# Goal of the exercise
The pictures are to be dropped, and the records below are to be restated word for word.

# Given records
● ● ● ●

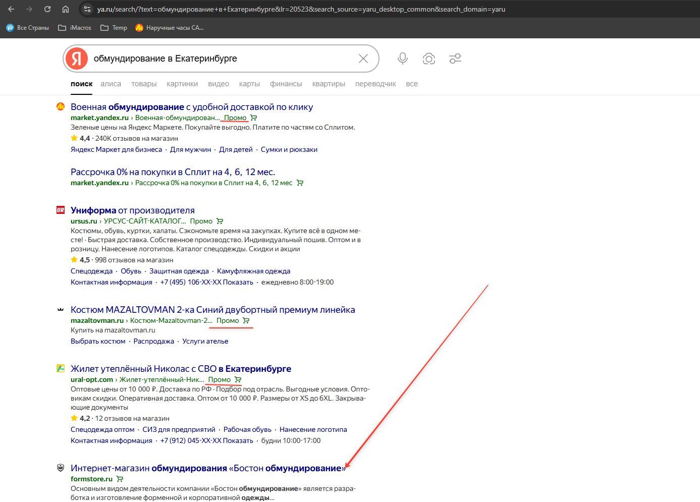 P.S. Спустя месяц выяснилось, что сайт по запросу "Обмундирование в Екатеринбурге" на первом месте в органической выдаче (см. рис. 5 ниже) и ИКС увеличился на 50 пунктов (см. рис. 6 ниже).
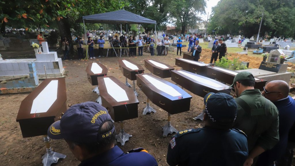 تم دفن جثث تسعة مهاجرين عثر عليهم على متن قارب أفريقي قبالة الساحل الشمالي لمنطقة الأمازون البرازيلية، الخميس، في مراسم مهيبة في بيليم عاصمة ولاية بارا.
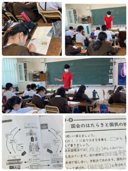 社会科では、国会・内閣・裁判・三権分立について復習をしていました。
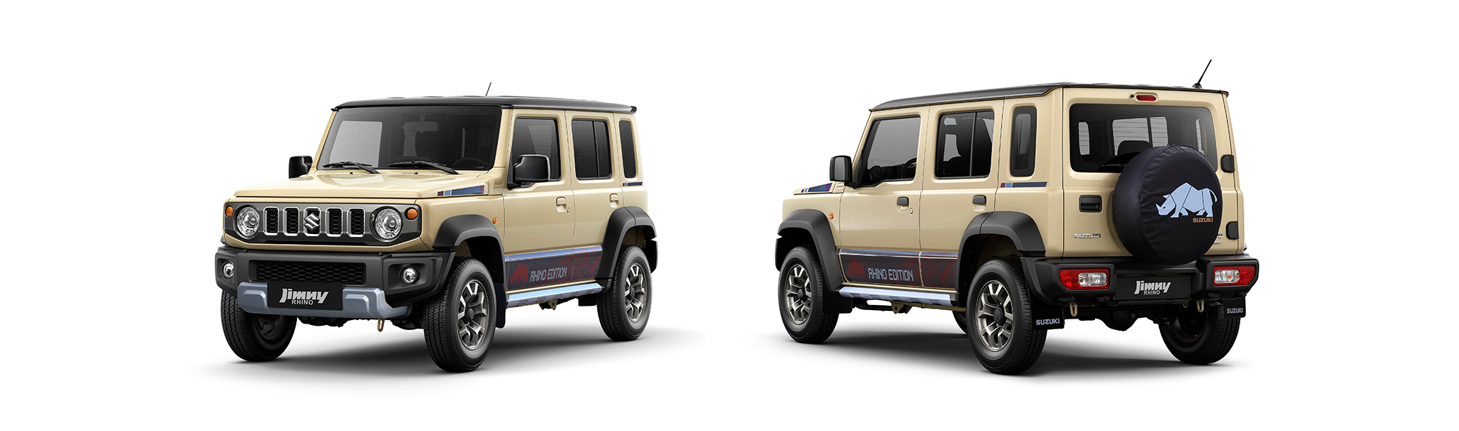 The Rhino Edition is more than just a vehicle; it’s a celebration of the Jimny’s legacy of strength, resilience, and unwavering capability. Inspired by the Rhino, this edition reflects Suzuki’s commitment to crafting vehicles that thrive in the wild while exuding confidence and sophistication in every detail. This edition also includes features like LED headlamps with washers for enhanced visibility, a 9-inch infotainment system with smartphone connectivity, and ample cargo space to accommodate the needs of every adventurer.
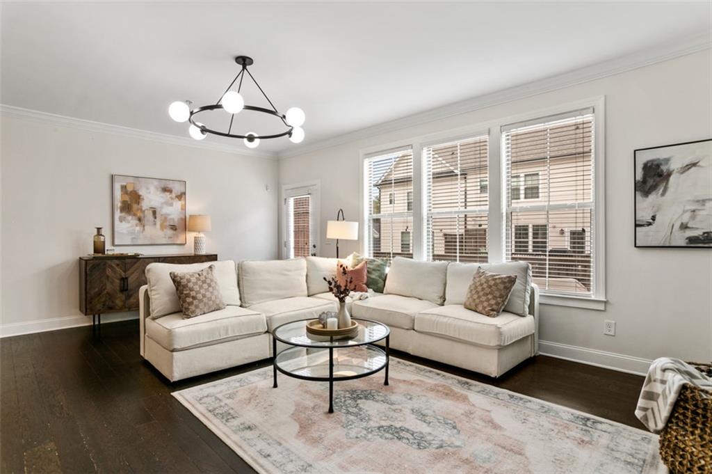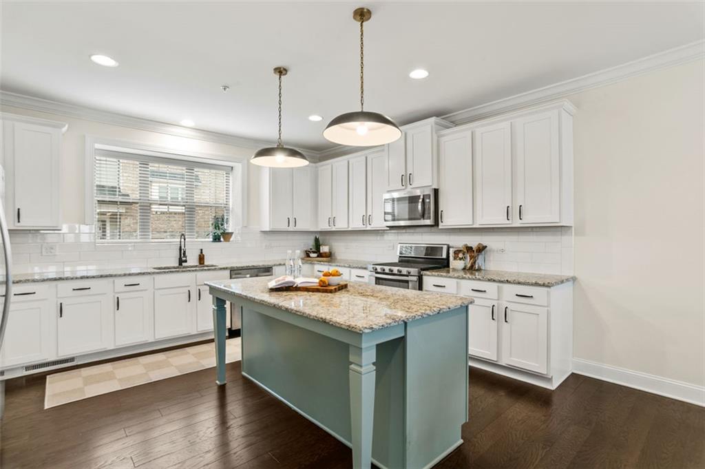 Welcome to your new home in one of the most popular areas, near Marietta Square! This bright and spacious 3-bedroom, 3.5-bath townhome has everything you’ve been looking for — an open floor plan, tons of natural light, and every bedroom has it's own bathroom! The main level has an open layout where the kitchen, dining, and family room all flow together, perfect for entertaining. You’ll love the kitchen with its granite countertops, large island, white cabinets, and stainless-steel appliances. Big windows let in plenty of sunshine, making the whole space feel light and inviting. Step outside to a private deck that’s perfect for morning coffee or evening relaxation. Upstairs, the roomy owner’s suite features a walk-in closet, double vanities, and a walk-in shower. A secondary bedroom with its own full bath and a convenient laundry room are also on this level. The lower level includes a third bedroom and full bath — ideal for guests, the in-laws or a home office and the a foyer/mud room leads out to the spacious 2 car garage with room for 2 additional cars to be in the driveway. If you have an electric vehicle, you will be all set. The Seller is leaving the charger. This community offers a pool, sidewalks, and beautifully kept grounds — all less than a mile from the shops, restaurants, and fun events at Marietta Square. If you do not want to have to worry about driving and finding a place to park at the Square, no worries, you are within walking distance! Whether you’re relaxing at home, meeting friends for dinner, or enjoying a walk through the neighborhood, you’ll love living here. If you want to go for a walk or walk the pups, but don't want to go to the Square, you have Henry Memorial Park just down the street from you!

● ● ● ●

# Result of the task
 P.S. Спустя месяц выяснилось, что сайт по запросу "Обмундирование в Екатеринбурге" на первом месте в органической выдаче (см. рис. 5 ниже) и ИКС увеличился на 50 пунктов (см. рис. 6 ниже).
 تم دفن جثث تسعة مهاجرين عثر عليهم على متن قارب أفريقي قبالة الساحل الشمالي لمنطقة الأمازون البرازيلية، الخميس، في مراسم مهيبة في بيليم عاصمة ولاية بارا.
 社会科では、国会・内閣・裁判・三権分立について復習をしていました。
 The Rhino Edition is more than just a vehicle; it’s a celebration of the Jimny’s legacy of strength, resilience, and unwavering capability. Inspired by the Rhino, this edition reflects Suzuki’s commitment to crafting vehicles that thrive in the wild while exuding confidence and sophistication in every detail. This edition also includes features like LED headlamps with washers for enhanced visibility, a 9-inch infotainment system with smartphone connectivity, and ample cargo space to accommodate the needs of every adventurer.
 Welcome to your new home in one of the most popular areas, near Marietta Square! This bright and spacious 3-bedroom, 3.5-bath townhome has everything you’ve been looking for — an open floor plan, tons of natural light, and every bedroom has it's own bathroom! The main level has an open layout where the kitchen, dining, and family room all flow together, perfect for entertaining. You’ll love the kitchen with its granite countertops, large island, white cabinets, and stainless-steel appliances. Big windows let in plenty of sunshine, making the whole space feel light and inviting. Step outside to a private deck that’s perfect for morning coffee or evening relaxation. Upstairs, the roomy owner’s suite features a walk-in closet, double vanities, and a walk-in shower. A secondary bedroom with its own full bath and a convenient laundry room are also on this level. The lower level includes a third bedroom and full bath — ideal for guests, the in-laws or a home office and the a foyer/mud room leads out to the spacious 2 car garage with room for 2 additional cars to be in the driveway. If you have an electric vehicle, you will be all set. The Seller is leaving the charger. This community offers a pool, sidewalks, and beautifully kept grounds — all less than a mile from the shops, restaurants, and fun events at Marietta Square. If you do not want to have to worry about driving and finding a place to park at the Square, no worries, you are within walking distance! Whether you’re relaxing at home, meeting friends for dinner, or enjoying a walk through the neighborhood, you’ll love living here. If you want to go for a walk or walk the pups, but don't want to go to the Square, you have Henry Memorial Park just down the street from you!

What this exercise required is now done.